Events_df=pd.read_json('events_England.json')

#flattening the json nested list into a dataframe. 
normalized_events=Events_df.explode('tags')
normalized_events=normalized_events.explode('positions')
normalized_events=pd.json_normalize(ds.json.loads(normalized_events.to_json(orient='records')))
normalized_events=normalized_events.drop('tags',axis=1)

#Creating start and finish position coordinates columns
DataStart=normalized_events.drop_duplicates(subset=['eventId','subEventName','playerId','matchId','eventName','teamId','matchPeriod','eventSec','subEventId','id','tags.id'],keep='first')
DataStart=DataStart.rename(columns={'positions.y':'start.y','positions.x':'start.x'})
DataFinish=normalized_events.drop_duplicates(subset=['eventId','subEventName','playerId','matchId','eventName','teamId','matchPeriod','eventSec','subEventId','id','tags.id'],keep='last')
DataFinish=DataFinish.rename(columns={'positions.y':'finish.y','positions.x':'finish.x'})

#merging both datasets to have start and finish positions united. Merge#1
Events_Dataset=pd.merge(DataStart,DataFinish,on=['eventId','subEventName','playerId','matchId','eventName','teamId','matchPeriod','eventSec','subEventId','id','tags.id'],how='left')

#joining tags labels with id of play
Tags=pd.read_csv('tags2name.csv')
Tags=Tags.drop('Label',axis=1)
Tags=Tags.rename(columns={'Tag':'tags.id'})


#merge#2 Creating central dataframe of information about events
Events_Dataset=pd.merge(Events_Dataset,Tags,on=['tags.id'],how='left')

**TEAMS**: Load "Teams" json file with city and Id information. This data will be merged into the main dataset of events.

In [6]:
#reading json file into dataframe.
teamInfoJson=ds.read_json_file('teams.json')
Teams_df=pd.read_json(teamInfoJson)

#selecting needed data from the match dataset
Teams_neededData=Teams_df[['officialName','wyId','city']]
Teams_neededData=Teams_neededData.rename(columns={'wyId':'teamId','city':'city_team'})

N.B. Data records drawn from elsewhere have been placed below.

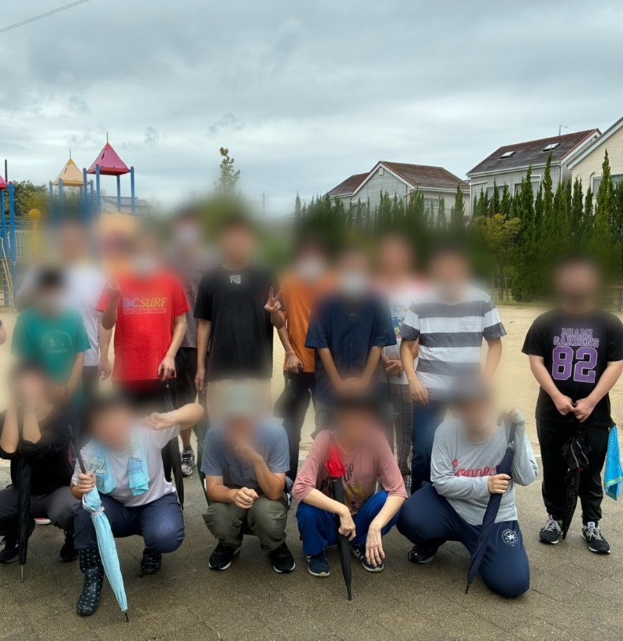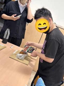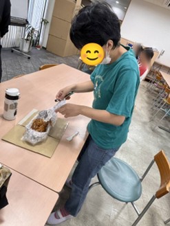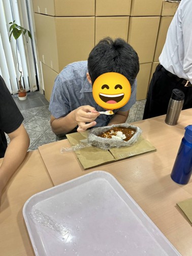 昼食は自分の作った新聞紙食器に防災食のご飯を入れて、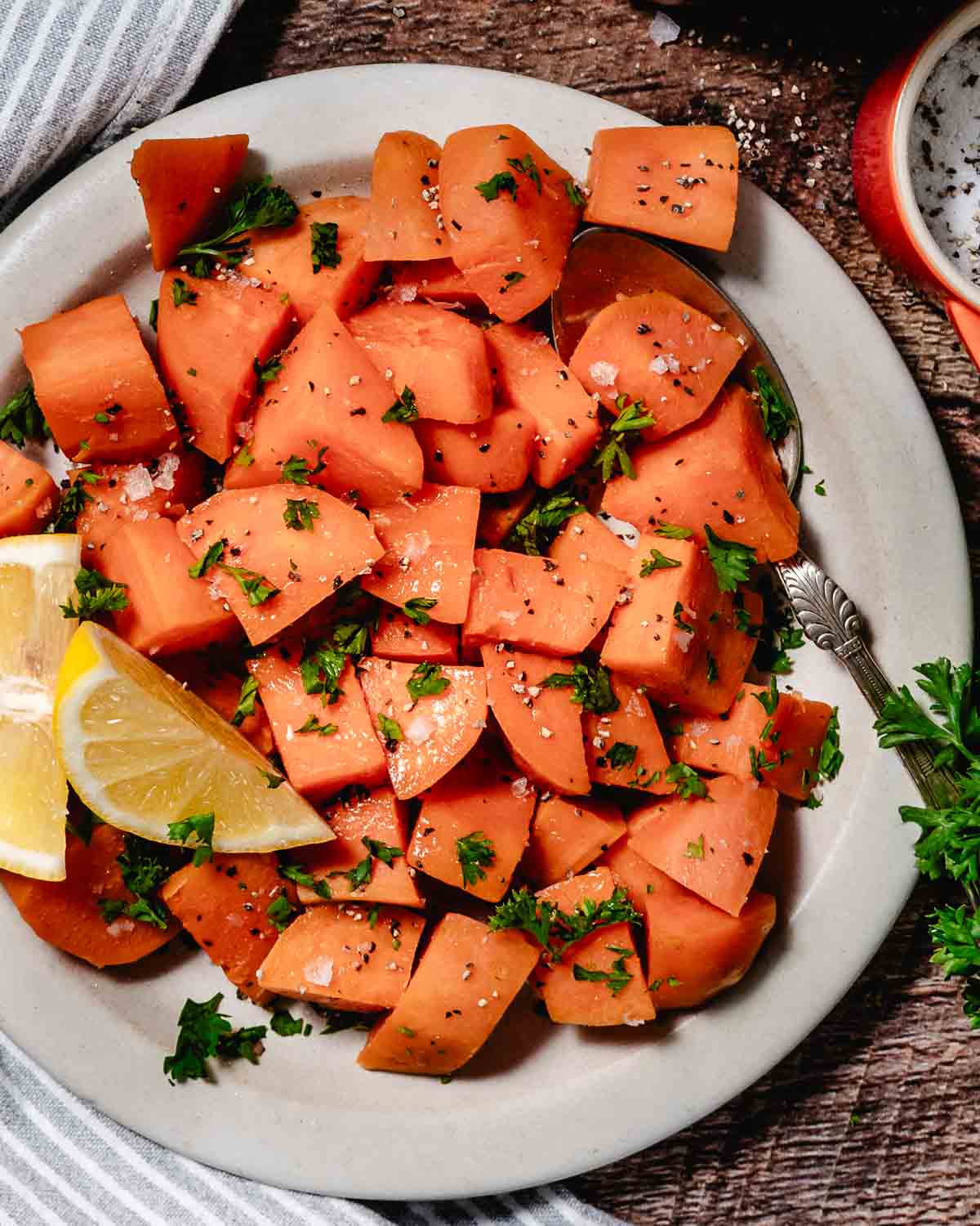 Boiled sweet potatoes go great with steak, chicken, fish, and salads.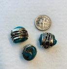 These turquoise beads with a hand formed sterling band are approximately 20mm x 15mm with a hole drilled vertically through the stone. They are sold individually. Each one is unique - please allow for some variation. They are primarily blue toned turquoise. Add one of these to a necklace to make it unique.

#merging with original dataset. Merge#4
Events_Dataset=pd.merge(Events_Dataset,Teams_neededData,on=['teamId'],how='left')

**MATCHES**: Load "Matches" json file describing gameweeks, date, winner, venue of play and id's with labels. Additionally connect them with home team stadiums to account for Home Teams and Away teams per match.

In [7]:
#reading json file into dataframe.
Match_England_df=pd.read_json('matches_England.json')

#selecting needed data from the match dataset
Match_neededData=Match_England_df[['gameweek','dateutc','winner','venue','wyId','label']]
Match_neededData=Match_neededData.rename(columns={'wyId':'matchId'})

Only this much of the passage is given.